Apples, blueberries, maple syrup, oats – these mappleberry muffins have all the wholesome goodness of Canada.
And no animals were harmed in making them.
The kids polished these off for breakfast over a couple of days. They do have wheat in them, but no dairy or eggs.
Hope you enjoy them!
- 1 1/4 cup all-purpose flour
- 2/3 cup whole wheat flour
- 2 1/2 tsp baking powder
- 1/2 tsp salt
- 1 cup rolled oats
- 3/4 cup coconut sugar
- 1 tsp vanilla
- 1/3 cup maple syrup
- 3/4 cup soy milk
- 1/2 cup vegan yogurt (almond or coconut milk)
- 1/3 cup canola oil
- 1 1/4 cup frozen blueberries
- 1 apple, grated, with skin
In a large bowl, mix the flours, baking powder, salt, oats, and brown sugar.

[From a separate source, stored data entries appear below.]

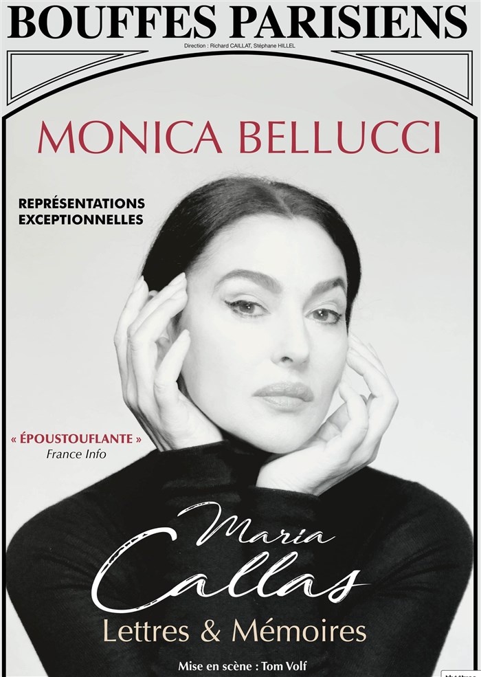 L’événement Monica Bellucci : Lettres et mémoires de Maria Callas de type Seul(e) en Scène, organisé ici :
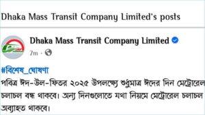 সেখানে বলা হয়, পবিত্র ঈদুল ফিতর ২০২৫ উপলক্ষে শুধুমাত্র ঈদের দিন মেট্রোরেল চলাচল বন্ধ থাকবে। অন্য দিনগুলোতে যথা নিয়মে মেট্রোরেল চলাচল অব্যাহত থাকবে।
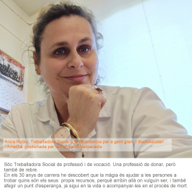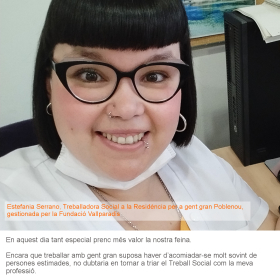 "En el poc temps que porto com a Treballadora Social he arribat al convenciment que la meva tasca, i de totes les Treballadores Socials, aporta molt en el dia a dia de les persones usuàries. No només les orientem sinó també a les seves famílies en un procés, que tot i que molts cops és el més adient per a les persones gran amb dependència, no deixa de ser difícil per a tots.
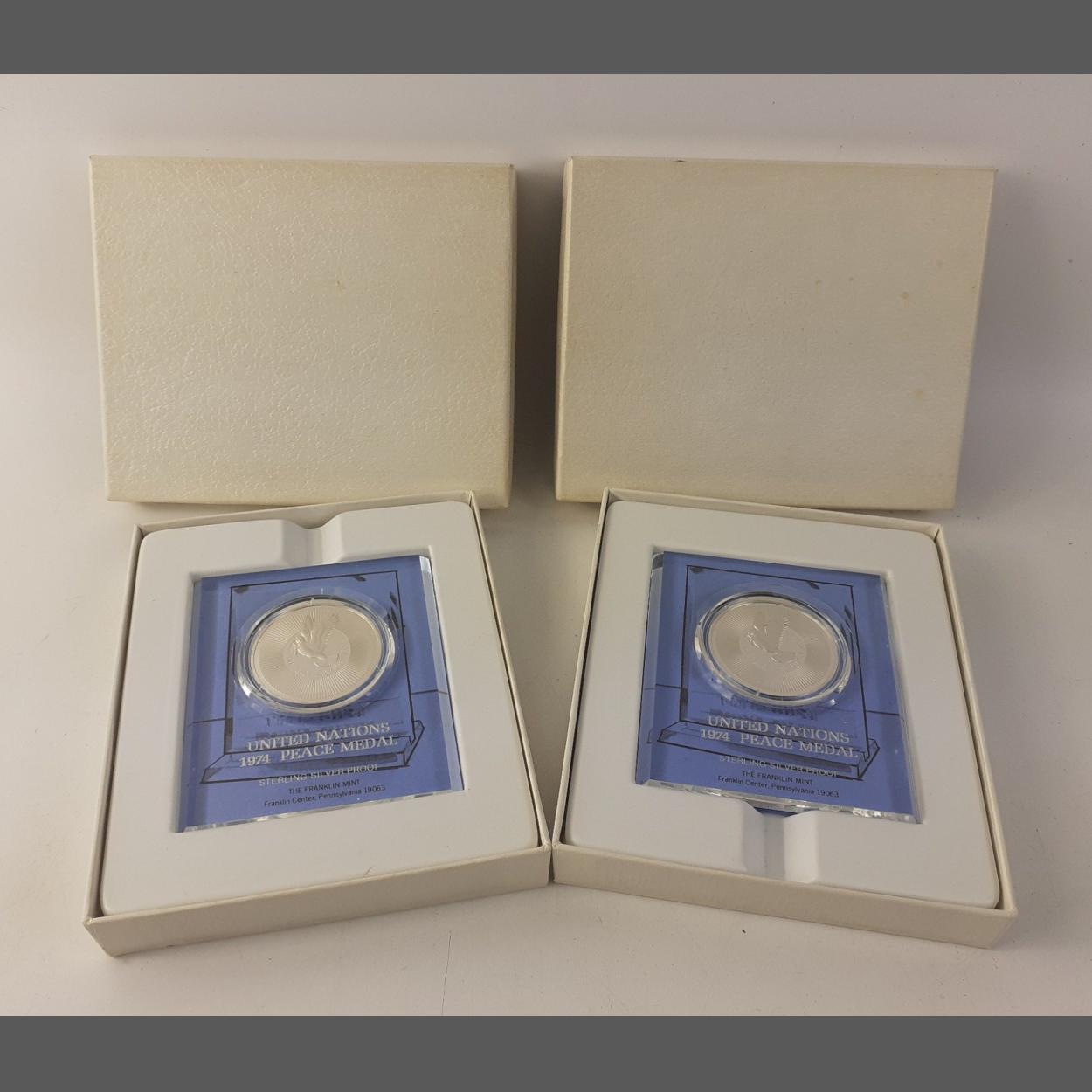 Two UNITED NATIONS 1974 PEACE MEDALS. Franklin Mint issued complete in boxes with perspex holders with stands and paperwork. Beautifully sculpted medals in Sterling Proof Silver. 40mm approx and each weighing 24.9g
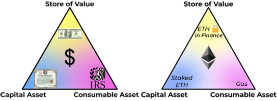 當ETH被質押時,它變成了一種資本資產,因為它能產生收益,可以根據其預期回報進行估值,類似於債券;當ETH被用作支付交易的gas時,它扮演著消耗性資產的角色,類似於使用美元納稅;當持有者將ETH存入Aave 或Compound等DeFi 協議作為抵押品時,ETH起到了價值存儲的作用。
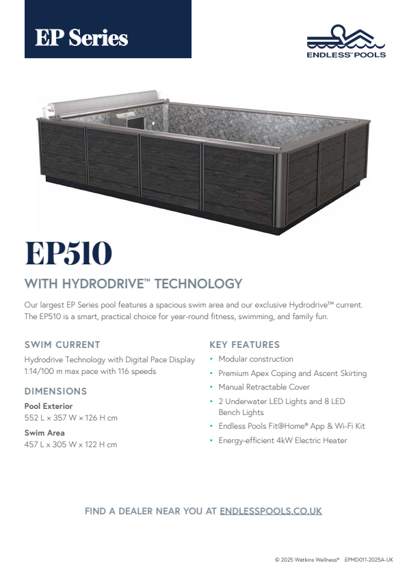 The EP510 is the largest in our EP Series, featuring a spacious swim area and exclusive Hydrodrive™ current - ideal for year-round swimming, fitness, and family enjoyment.
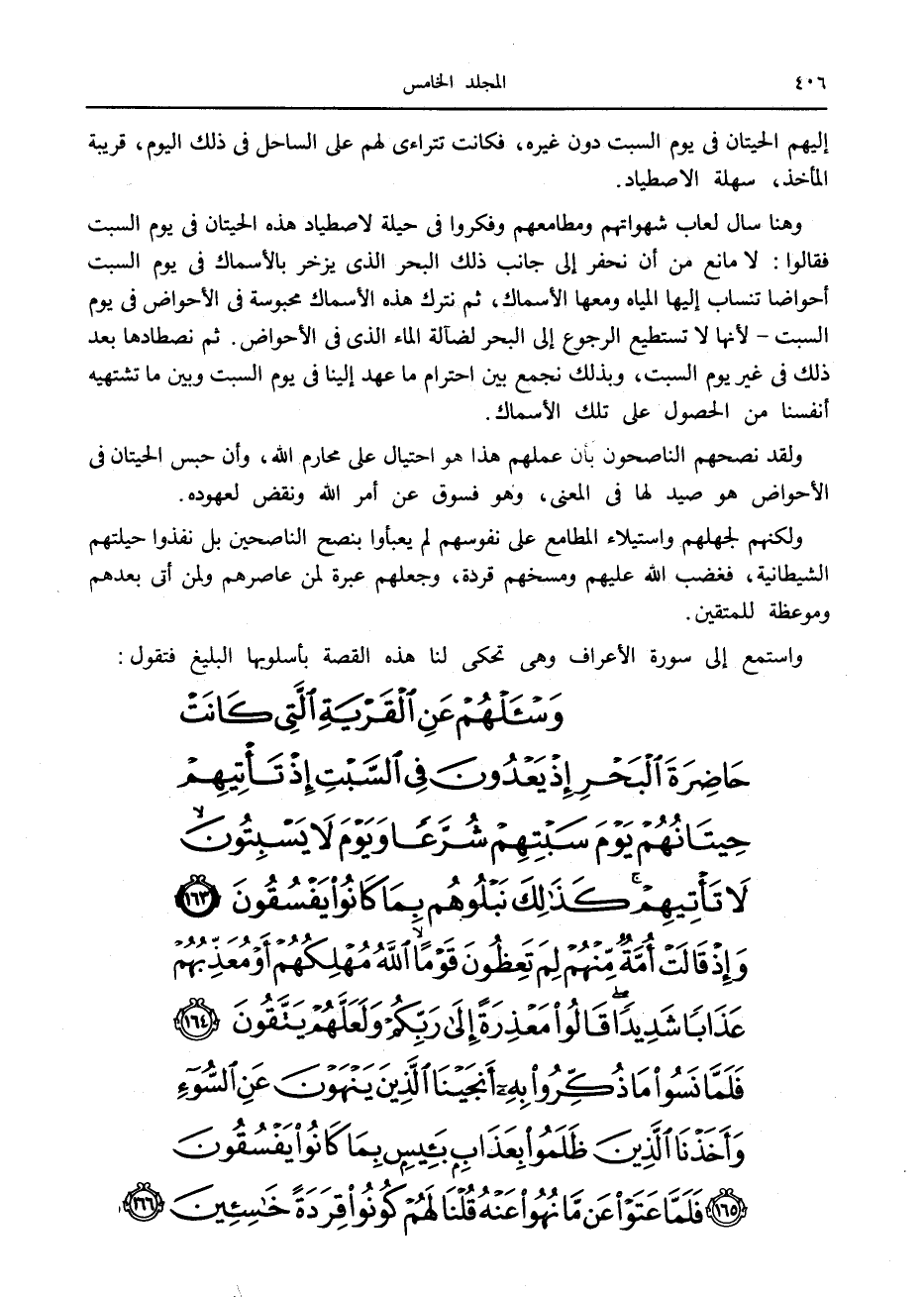 إليهم الحيتان في يوم السبت دون غيره، فكانت تتراءى لهم على الساحل في ذلك اليوم، قريبة المأخذ، سهلة الاصطياد.
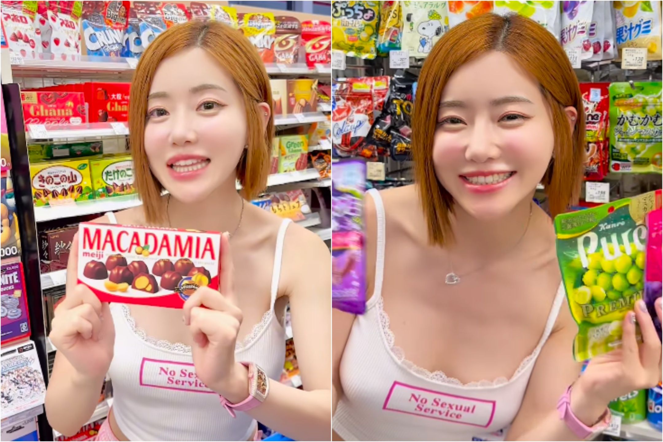 DJ SODA在經歷性騷風波後,日前再度到日本旅遊,並於IG分享當地街景、美食照,其中一段影片卻掀起熱議,她拍片介紹日本超商有哪些食物必買,但有日本網友注意到她穿的細肩帶背心胸前印有「No sexual service(不提供性服務)」英文字樣,認為DJ SODA是在暗指先前的性騷事件。
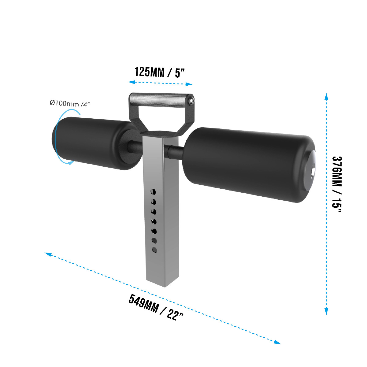 – Support: Two 100mm (4″) diameter nylon-covered rollers for leg stability with 125mm (5”) knurled grip handle. Pairs with the RX3 Optimus Pad.
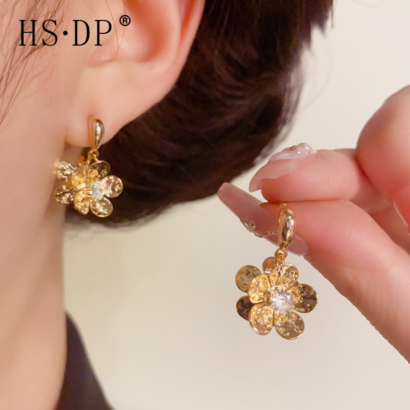 夏の新しいシンプルなデザインのメタル両面フラワーイヤリング、パーソナライズされた軽い高級感、多用途の高品質イヤリング卸売
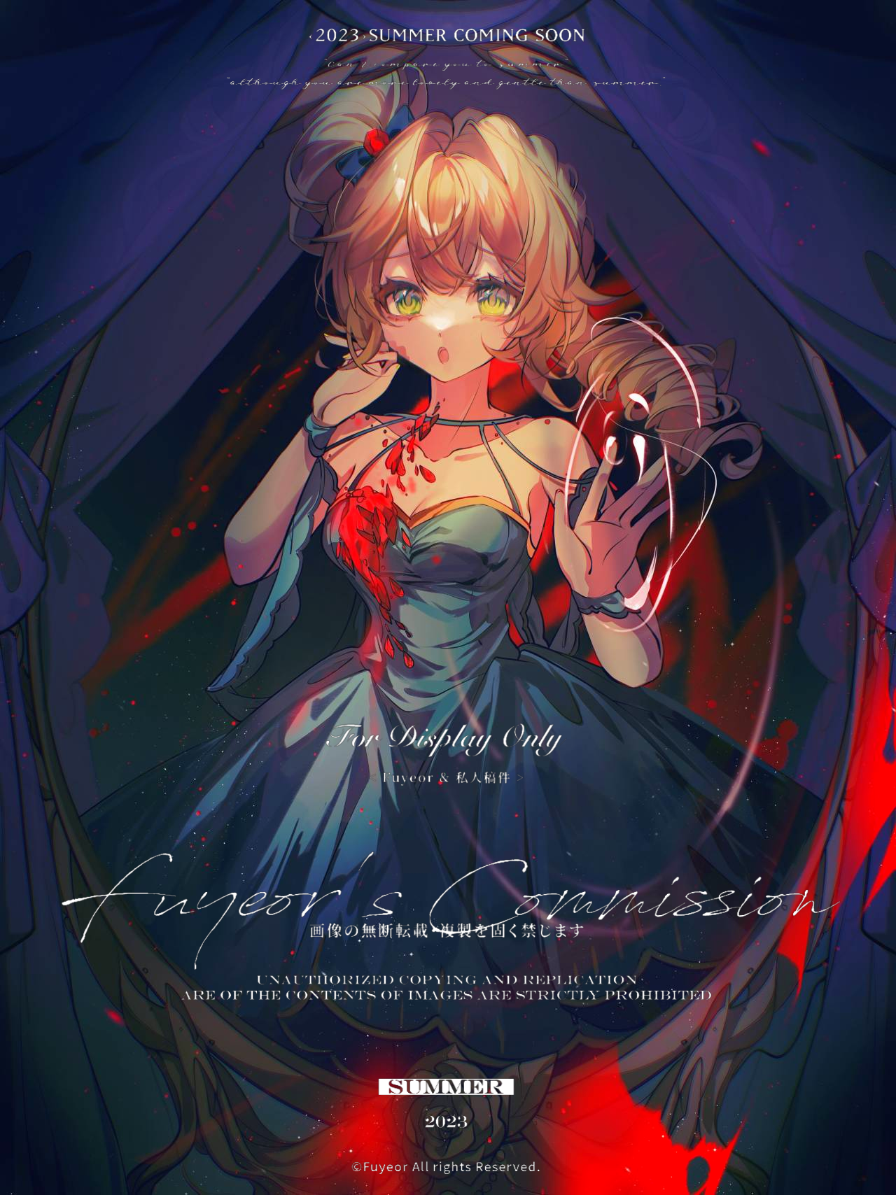 1girl :o bare_shoulders blonde_hair blue_dress breasts cleavage curtains dark_background dress drill_hair fuyeor green_eyes hands_up highres long_hair looking_at_viewer medium_breasts official_alternate_costume reverse:1999 side_drill sleeveless sleeveless_dress solo sotheby upper_body watermark
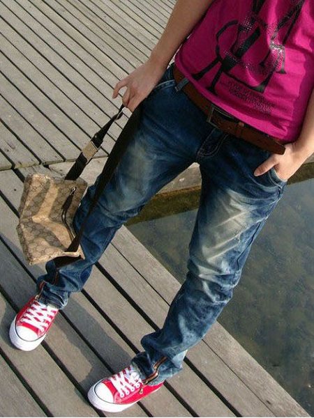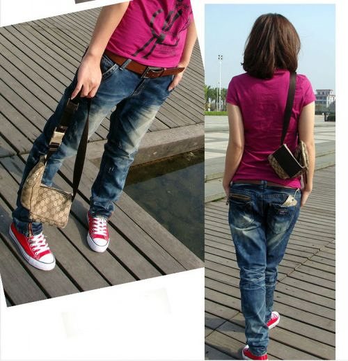 Amanda49 Stylish Zipper Embellished Small Leg Opening Baggy Jeans |
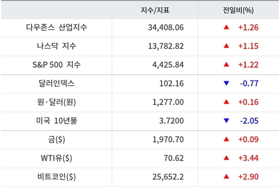 기술주가 상승했다. 애플 1.12%, 마이크로소프트 3.19% 오르며 사상 최고치를 경신했다. 메타도 3.1% 급등, 알파벳 1.15%, 넷플릭스 1%, 아마존 0.55% 상승 마감했다.
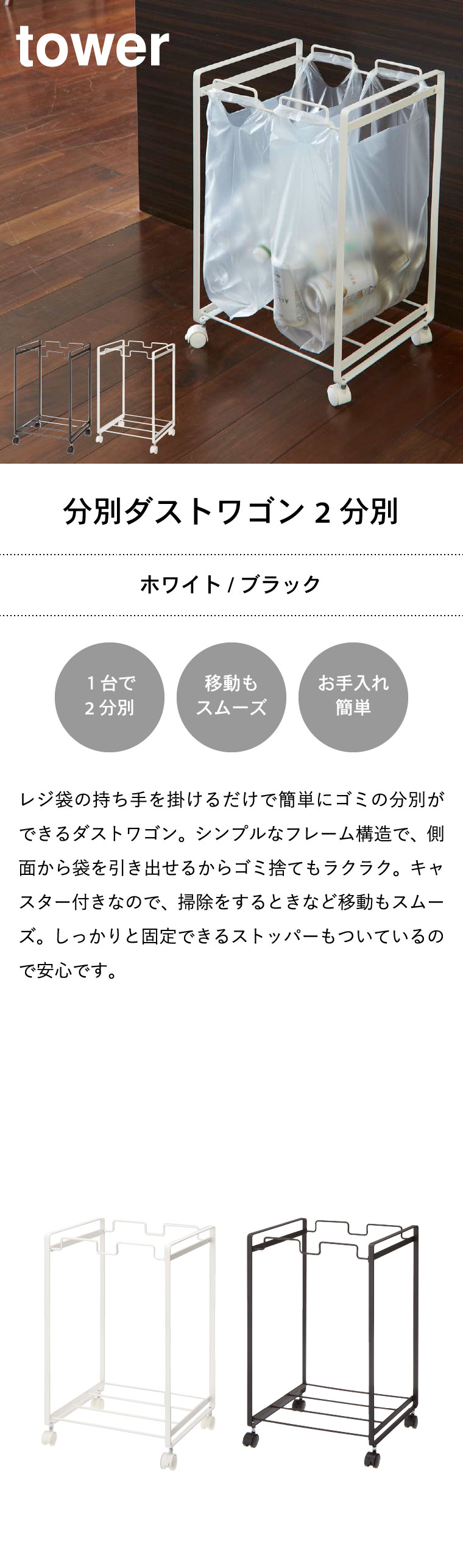 分別ダストワゴン 2分別 タワー 山崎実業 tower ゴミ箱 ホワイト/ブラック 2274 2275 タワーシリーズ

In a separate small bowl, mix the vanilla, maple syrup, soy milk, yogurt, and canola oil.
Add the wet mixture into the dry ingredient bowl and mix just until combined.
Next, fold in the grated apple and frozen blueberries until they’re evenly distributed. Do not overmix. The batter will turn purple, and that’s ok!
Pour the batter into 12 lined muffin cups. Sprinkle a few extra oats on top of each muffin if you like.
Bake at 400F for 18-20 minutes until golden on top and a chopstick inserted into a muffin comes out clean.
Cool on a wire rack, then enjoy with your morning coffee, tea, or soy milk.